La pasada noche empecé a trabajar en un nuevo proyecto: un relato corto ambientado en una época pasada. Debido a que necesita ciertos datos, me había sentado en mi escritorio con el portátil enfrente del papel para recabar información.

Después de un rato anotando todo lo referente al territorio donde situaría la historia y leer las leyendas locales, comencé el relato.

El borrador avanzaba lento. Las ideas venían flojas, los adjetivos no eran precisos y las descripciones no estaban saliendo como esperaba. Con el ceño fruncido, presionaba con fuerza la mina sobre el papel intentando exprimir la narración y devanándome los sesos para conseguir un buen comienzo.

En medio de esa batalla contra el folio, me pareció escuchar algo en otra habitación. Aparté la vista de la mesa y miré hacia la puerta del estudio, que estaba totalmente abierta. Desde mi asiento podía ver el pasillo; que se extendía hasta llegar al salón principal, donde había escuchado el ruido. No fue más que un sonido repentino que me sobresaltó por unos instantes. No hice mucho caso y devolví la mirada a la hoja.

Estoy acostumbrado a escuchar esos ruidos. Vivo en el casco antiguo de mi ciudad y mi casa es vieja; puertas de madera y ventanas de cristales finos, cerrojos que chirrían por más que los aceito. Los ruidos nocturnos, en el silencio de las noches, son algo muy habitual en mi hogar.

Pasaron varios minutos hasta que desistí del párrafo. Cogí la cajeta de tabaco y encendí un cigarrillo mientras me echaba hacia atrás para estirar la espalda. La silla cedió provocando que la madera crujiera y sonara.
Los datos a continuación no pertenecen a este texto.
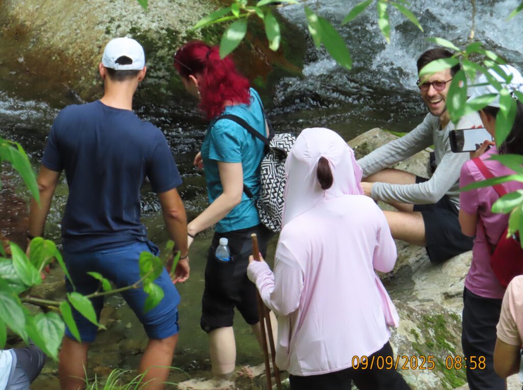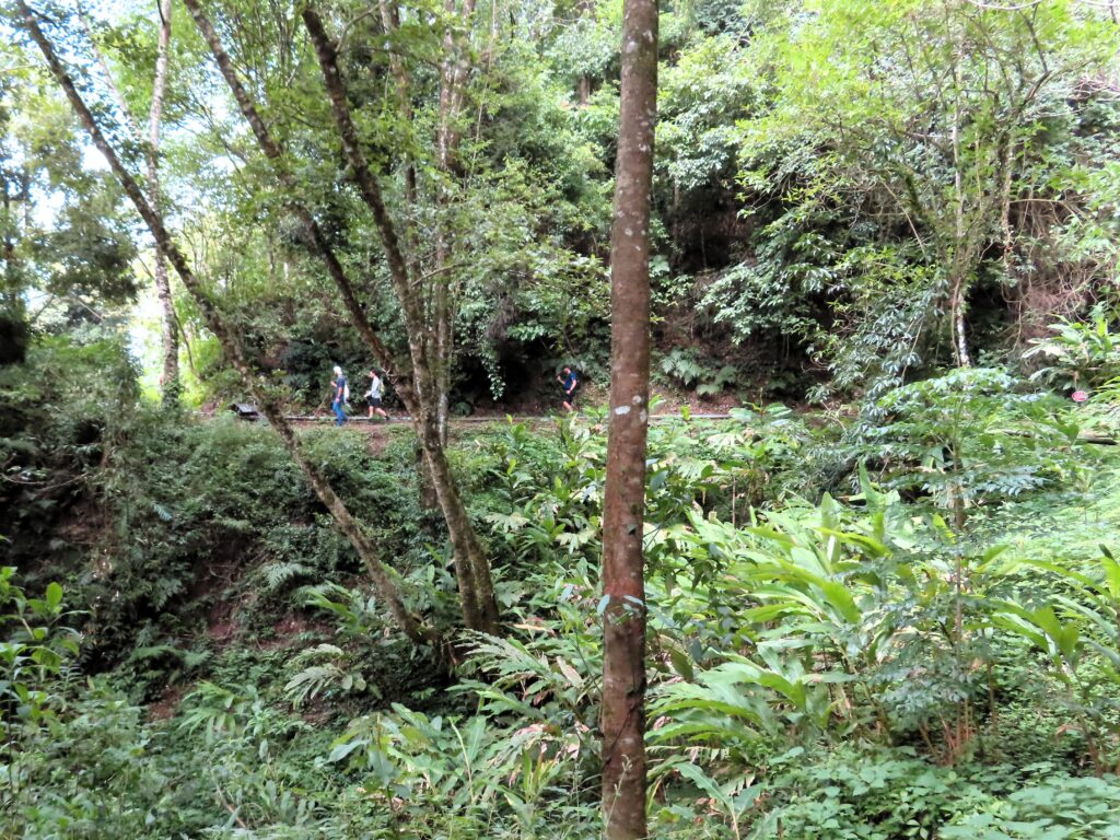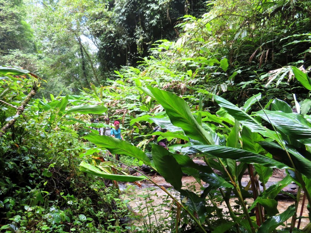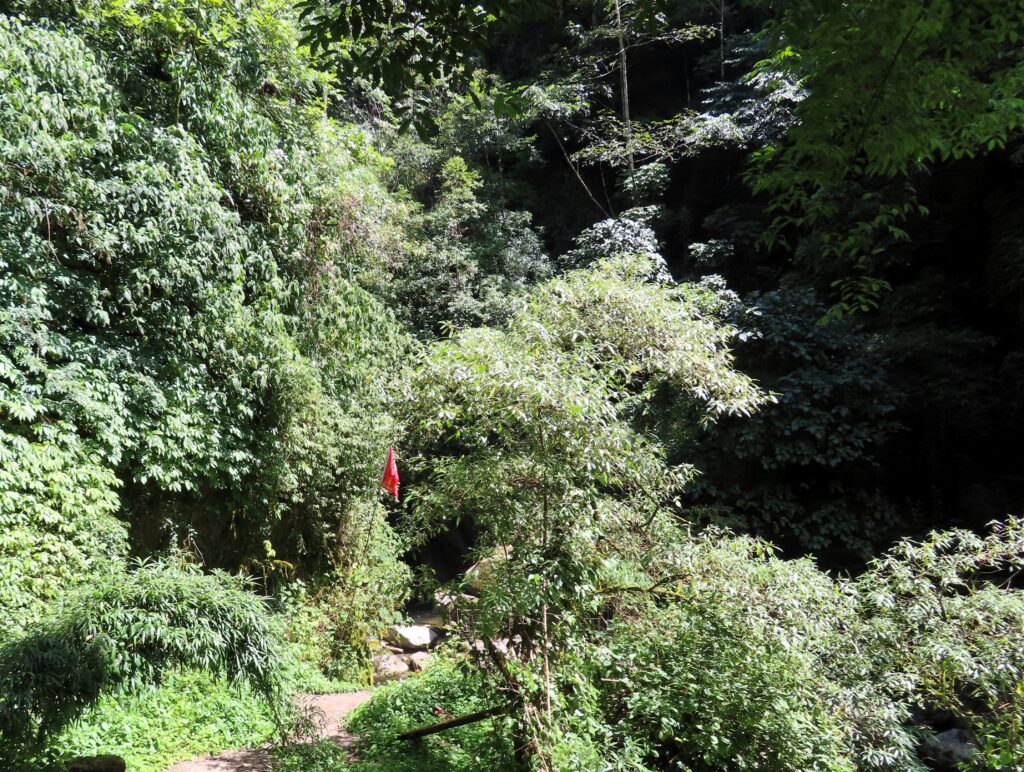 We met two men and a woman who were accompanying us. We grabbed the those rain jackets, bamboo walking poles, water, and a lunch box, and set off. It only took a few minutes before we were in a forest near a stream or small river, and the landscape transformed into a gorge.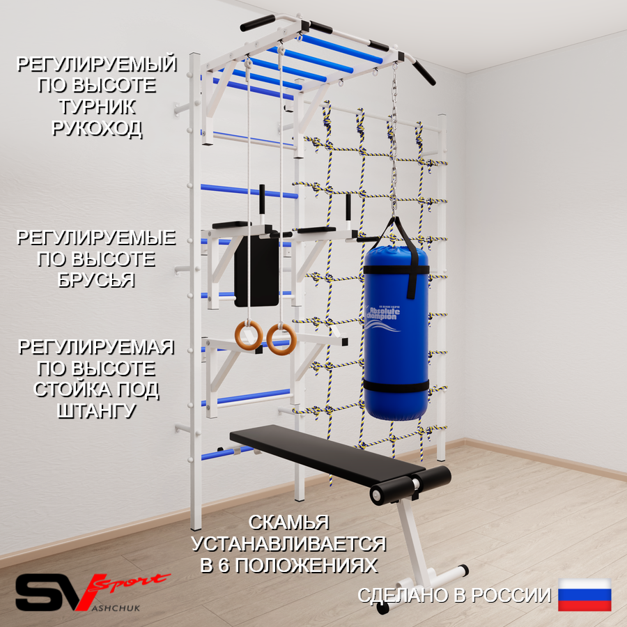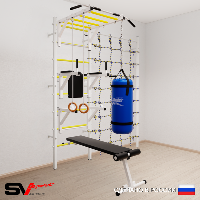 КОМПЛЕКТАЦИЯ: Шведская стенка Sv Sport (профиль вертикальных стоек 40 х 40 х 2 мм), Турник Sv Sport рукоход к ШС, Брусья Sv Sport к ШС, Стойка под штангу Sv Sport к ШС, Скамья для пресса и жима Sv Sport к ШС, Kольца деревянные, Цепь удлинитель 90см, Мешок боксерский 30кг, Канатный лаз.

Fumé allí sentado, mirando al papel. Llevaba medio cigarro cuando escuché de nuevo otro ruido. Este, sin duda alguna, venía del salón. Miré de nuevo a través del pasillo, pero no vi nada. Tan solo la mesa central, rodeada de cuatro sillas de madera oscura, acolchadas con cojines verdes. También veía una de las dos ventanas del salón, una gran librería me tapaba la otra.

Esta vez el ruido había sido mucho más grave, y no había sido un golpe sin más. Escuché un sonido profundo seguido de un tintineo, como un montón de agujas arrastrándose por el suelo. Me quedé quieto para no hacer ruido, pero no vi ni escuché nada. Nada se movió, ni siquiera una sombra, ni una ráfaga de aire. Nada.

La luz del flexo iluminaba el pasillo hasta el final. Esta se degradaba en un amarillo intenso, pasando por naranja oscuro hasta apagarse en la oscuridad del salón. Surgió una inquietud en mí, mayor a la del anterior golpe, que impidieron que pudiera apartar la mirada del corredor, por si pasaba algo mientras no observaba.

Había empezado a llover.

Por instante se me pasó por la cabeza ir a comprobar si algo se había caído, o si la ventana que me tapaba la librería estaba abierta y se golpeaba contra la pared, haciendo sonar los cristales. No lo hice. Normalmente no me dan miedo estás cosas; es la típica escena del ruido en la habitación de al lado y del protagonista que se acerca a mirar que ha pasado. Esto lo hacía casi todas las noches de lluvia para cerrar bien los balcones y ventanas por si entraba agua. Pero esta vez, un miedo irracional inundó cada centímetro de mi cuerpo y me dejó paralizado ante la situación.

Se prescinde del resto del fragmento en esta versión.